Занятие 9.
Цель данного занятия ознакомится с возможностями докинга низкомолекулярного лиганда в структуру белка В этом занятии мы будем пользоваться пакетом Autodock Vina и Autodock tools. Это программное обеспечение распространяется бесплатно для академических пользователей. Вы будете работать с белком лизоцимом структуру которого вы построили на основе гомологичного моделирования на прошлом практикуме. Программе Autodock Vina для докинга необходимы специально форматированные файлы pdb c зарядами и указанием торсионных углов. Для начала попробуем провести докинг одного из мономеров сахара (NAG) из прошлого занятия.
1.В банке pdb найдите SMILES нотацию для NAG.
CC(=O)N[C@@H]1[C@H]([C@@H]([C@H](O[C@H]1O)CO)O)O
2.C помощью obgen построим 3D структуру этого сахара в pdb формате. nag.pdb
3.Скриптом prepare_ligand4.py из пакета Autodock tools создайте pdbqt файл вашего лиганда. Так же, скриптом prepare_receptor4.py из пакета Autodock tools создайте pdbqt файл вашего белка.
4. Выберите атом сахара, который по Вашему мнению находится в центре сайта связывания и из текста pdb файла извлеките его координаты. Постройте файл vina.cfg с примерно таким содержанием:
center_x=41.401 center_y=42.525 center_z=27.262 size_x = 25 size_y = 25 size_z = 25 num_modes = 20
5.Теперь можно провести первый докинг:
vina --config vina.cfg --receptor prot.pdbqt --ligand nag.pdbqt --out nag_prot.pdbqt --log nag_prot.log
6.Просмотрим файл nag_prot.log и занесем в отчёт энергии 3ёх лучших расположений и геометрическую разницу между ними.
mode | affinity | dist from best mode
| (kcal/mol) | rmsd l.b.| rmsd u.b.
-----+------------+----------+----------
1 -5.8 0.000 0.000
2 -5.6 2.648 5.646
3 -5.5 1.865 2.984
Все состояния на одной картинке (все достаточно компактно, ни одно из состояний не выбивается)

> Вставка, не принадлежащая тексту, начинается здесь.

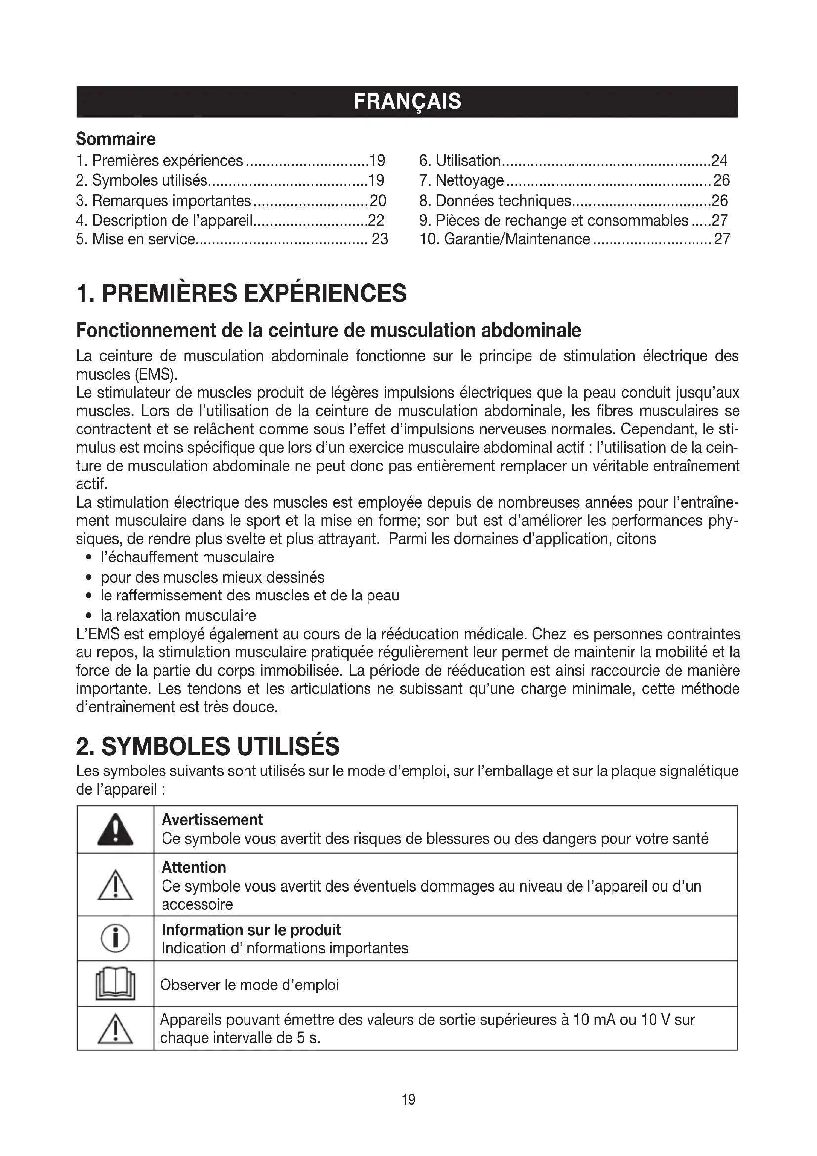 Les symboles suivants sont utilisés sur le mode d’emploi, sur l’emballage et sur la plaque signalétique de l’appareil: Avertissement Ce symbole vous avertit des risques de blessures ou des dangers pour votre santé Attention Ce symbole vous avertit des éventuels dommages au niveau de l’appareil ou d’un accessoire Information sur le produit Indication d’informations importantes Observer le mode d’emploi Appareils pouvant émettre des valeurs de sortie supérieures à 10mA ou 10V sur chaque intervalle de 5s. FRANÇAIS Sommaire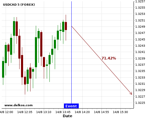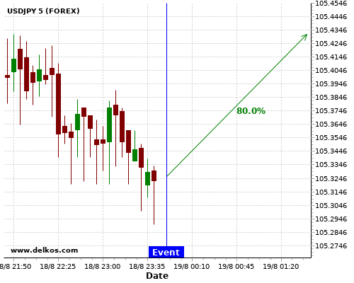 TradersNews 80% probability that USDJPY will trend up on Tuesday 18 Aug at 11:50 PM GMT if the JP Balance of Trade number is greater than ¥-77.6B.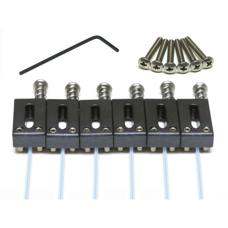 The PN-8000-00 is a set of six ghost loaded saddles with a centered intonation screw. They are designed to work with any of our ghost preamp kits. They will fit any Stratocaster or Telecaster style guitar with a string spacing of 2 1/16th. Each set of saddles come with a set of longer intonation screws for use with modern style Telecaster style guitars.

7.Теперь давайте проведём докинг рассматривая подвижность некоторых боковых радикалов белка. Сначала разобьем белок на две части, подвижную и неподвижную. Для подвижной части выберем 3 аминокислоты которые вы использовали в прошлом задании для позиционирования лиганда.
prepare_flexreceptor4.py -r prot.pdbqt -s GLU1_ASN5_ASP13и проведём докинг:
vina --config vina.cfg --receptor prot_rigid.pdbqt --flex prot_flex.pdbqt --ligand nag.pdbqt --out vina_prot_flex.pdbqt --log vina_prot_flex.log
8.Просмотрим файл nag_prot_flex.log и занесем в отчёт энергии 3ёх лучших расположений и геометрическую разницу между ними.
mode | affinity | dist from best mode
| (kcal/mol) | rmsd l.b.| rmsd u.b.
-----+------------+----------+----------
1 -4.8 0.000 0.000
2 -4.7 1.328 2.219
3 -4.4 1.239 3.568
Все состояния на одной картинке (несколько состояний выбиваются из общего расположения,возможно, надо было
уменьшить размер ячейки места связывания)
9. Докинг не смог расположить лиганд, как в модели. Если смотреть в PyMol, то ни одно из состояний, полученных докингом не совпало с моделью. Но лучше получился простой докинг (по минимуму энергии -5.8), чем разделение на подвижную и неподвижную части.
10.NAG содержит в себе СH3C(=O)NH группу. Создайте 3 лиганда где метильный радикал этой группы будет заменён на OH, NH2,H. Для каждого из этих лигандов проведите обыкновенный докинг и представьте результаты в виде таблицы из трёх лучших расположений для каждого лиганда.
1)
mode | affinity | dist from best mode
| (kcal/mol) | rmsd l.b.| rmsd u.b.
-----+------------+----------+----------
1 -5.7 0.000 0.000
2 -5.7 2.689 5.728
3 -5.6 2.043 4.734
2)
mode | affinity | dist from best mode
| (kcal/mol) | rmsd l.b.| rmsd u.b.
-----+------------+----------+----------
1 -5.7 0.000 0.000
2 -5.6 2.376 5.024
3 -5.5 1.773 3.113
3)
mode | affinity | dist from best mode
| (kcal/mol) | rmsd l.b.| rmsd u.b.
-----+------------+----------+----------
1 -5.3 0.000 0.000
2 -5.2 1.861 3.246
3 -5.1 2.066 3.710
По значению энергии видим, что замена на другую группу не существенно меняет связывание, кроме замены на водород.
У него энергия больше всех, т.к. он не обеспечивает взаимодействия с лиганда с белком.